The points \(A(2,9),\ B(a,5),\ C(5,5)\) are vertices of a triangle right–angled at \(B\). Find \(a\) and the area of \(\triangle ABC\).
\(a=2\), area \(=6\).
Step 1: Since the triangle is right-angled at \(B\), by Pythagoras theorem:
\(AB^2 + BC^2 = AC^2\).
Step 2: Find \(AB^2\), \(BC^2\), and \(AC^2\) using squared distance (no square roots needed).
Step 3: Compute \(AB^2\).
\(A(2,9),\ B(a,5)\)
\(AB^2 = (2-a)^2 + (9-5)^2 = (2-a)^2 + 16\)
Step 4: Compute \(BC^2\).
\(B(a,5),\ C(5,5)\)
\(BC^2 = (5-a)^2 + (5-5)^2 = (5-a)^2\)
Step 5: Compute \(AC^2\).
\(A(2,9),\ C(5,5)\)
\(AC^2 = (5-2)^2 + (5-9)^2 = 3^2 + (-4)^2 = 9 + 16 = 25\)

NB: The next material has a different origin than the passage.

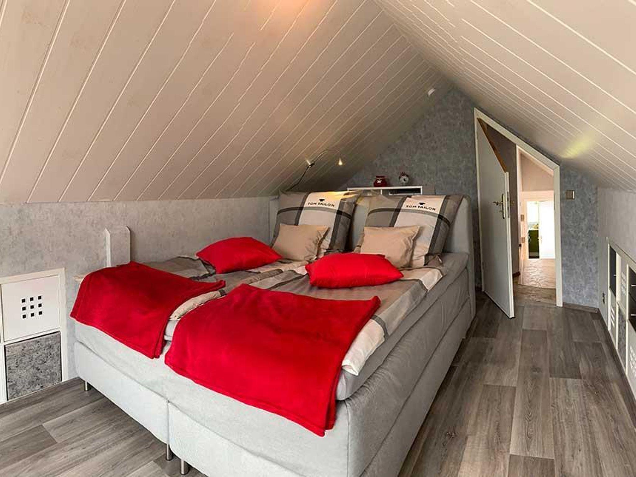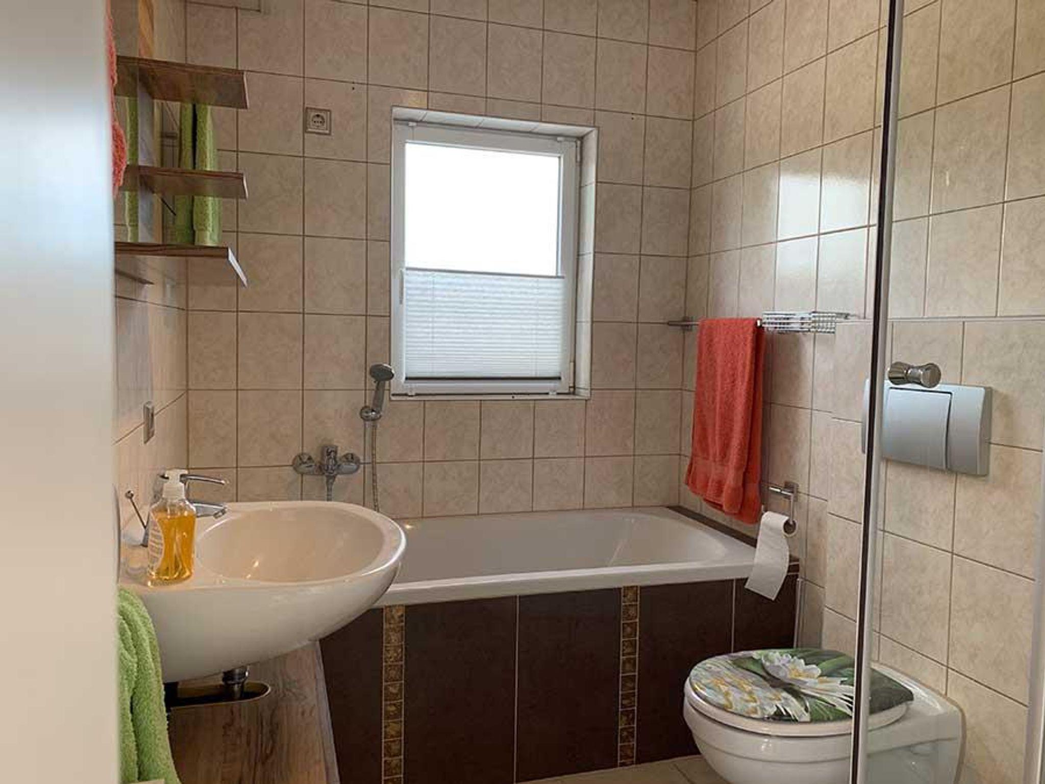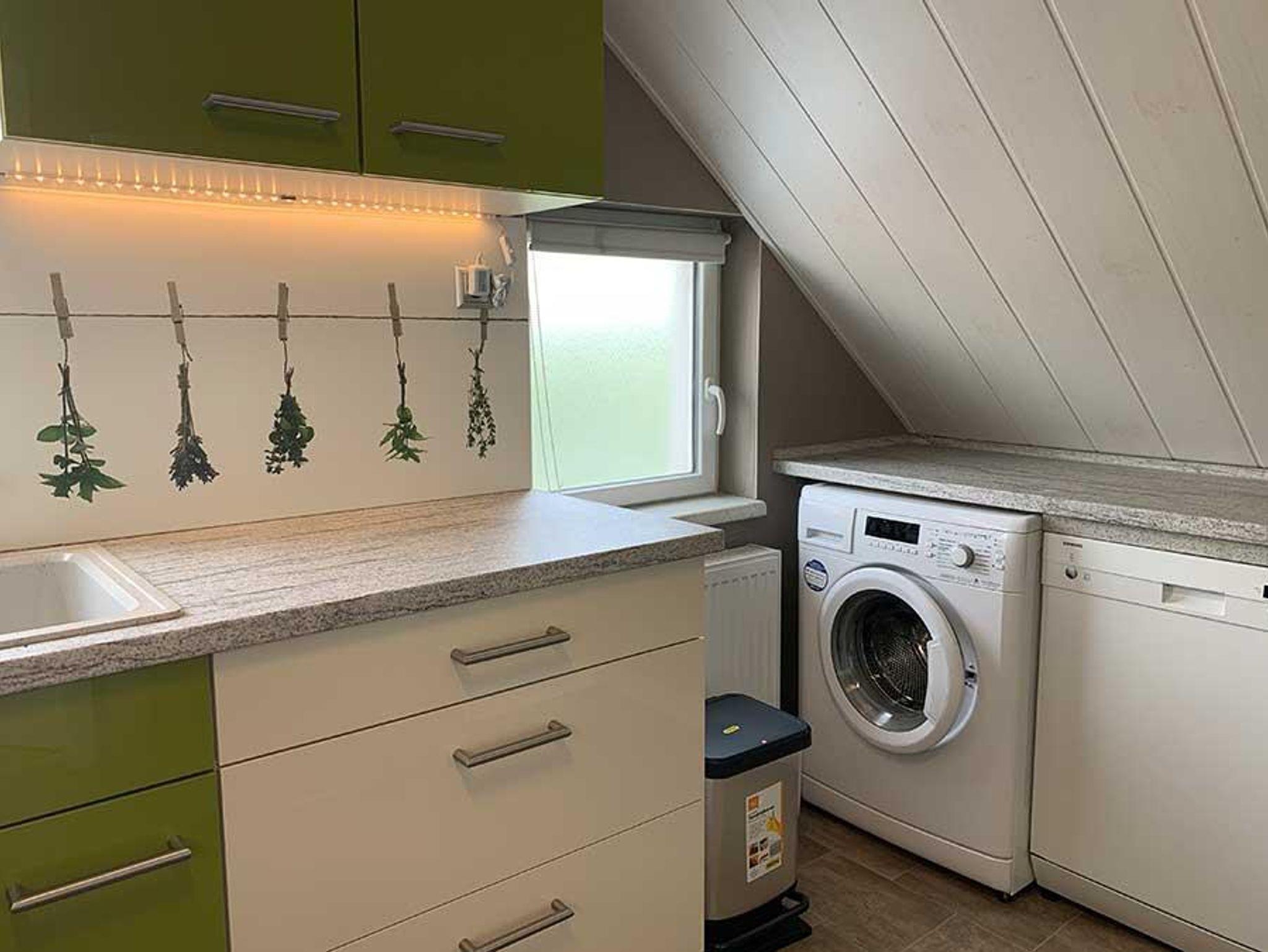 Das Wohnzimmer ist mit einer bequemen Ledereckcouch und einem Sat TV ausgestattet. In Esszimmer finden Sie eine Tischgruppe für 5 Erwachsene. Die Küche ist ausgestattet mit Ceranfeld und Backofen, großer Kühlschrank mit Gefrierfächer, Geschirrspülmaschine, Mikrowelle, Eierkocher, Toaster, Kaffeemaschine, Wasserkocher,Waffeleisen, Handmixer, Waschmaschine, alle nötigen Küchenutensilien und Geschirr. Im Schlafzimmer im Giebel befindet sich ein Boxspringbett 1,80 x 2.00m und im 2 Schlafzimmer ein Doppelbett 1,80 x2,00m. Das Bad ist ausgestattet mit Badewanne, Dusche und WC.

Step 6: Apply Pythagoras theorem:
\((2-a)^2 + 16 + (5-a)^2 = 25\)
\((2-a)^2 + (5-a)^2 = 9\)
Step 7: Expand and simplify.
\((2-a)^2 = a^2 - 4a + 4\)
\((5-a)^2 = a^2 - 10a + 25\)
So,
\((a^2 - 4a + 4) + (a^2 - 10a + 25) = 9\)
\(2a^2 - 14a + 29 = 9\)
\(2a^2 - 14a + 20 = 0\)
Divide by 2:
\(a^2 - 7a + 10 = 0\)
\((a-2)(a-5)=0\)
So, \(a=2\) or \(a=5\).
Step 8: Reject \(a=5\) because then \(B(5,5)=C(5,5)\) and no triangle is formed.
Hence, \(a=2\).
Step 9: Find the area of \(\triangle ABC\) (right-angled at \(B\)).
Now \(B=(2,5)\).
\(AB = \sqrt{(2-2)^2 + (9-5)^2} = \sqrt{16} = 4\)
\(BC = \sqrt{(5-2)^2 + (5-5)^2} = \sqrt{9} = 3\)
Area \(= \dfrac{1}{2}\times AB \times BC = \dfrac{1}{2}\times 4 \times 3 = 6\).
Final Answer: \(a=2\) and \(\text{Area}(\triangle ABC)=6\) square units.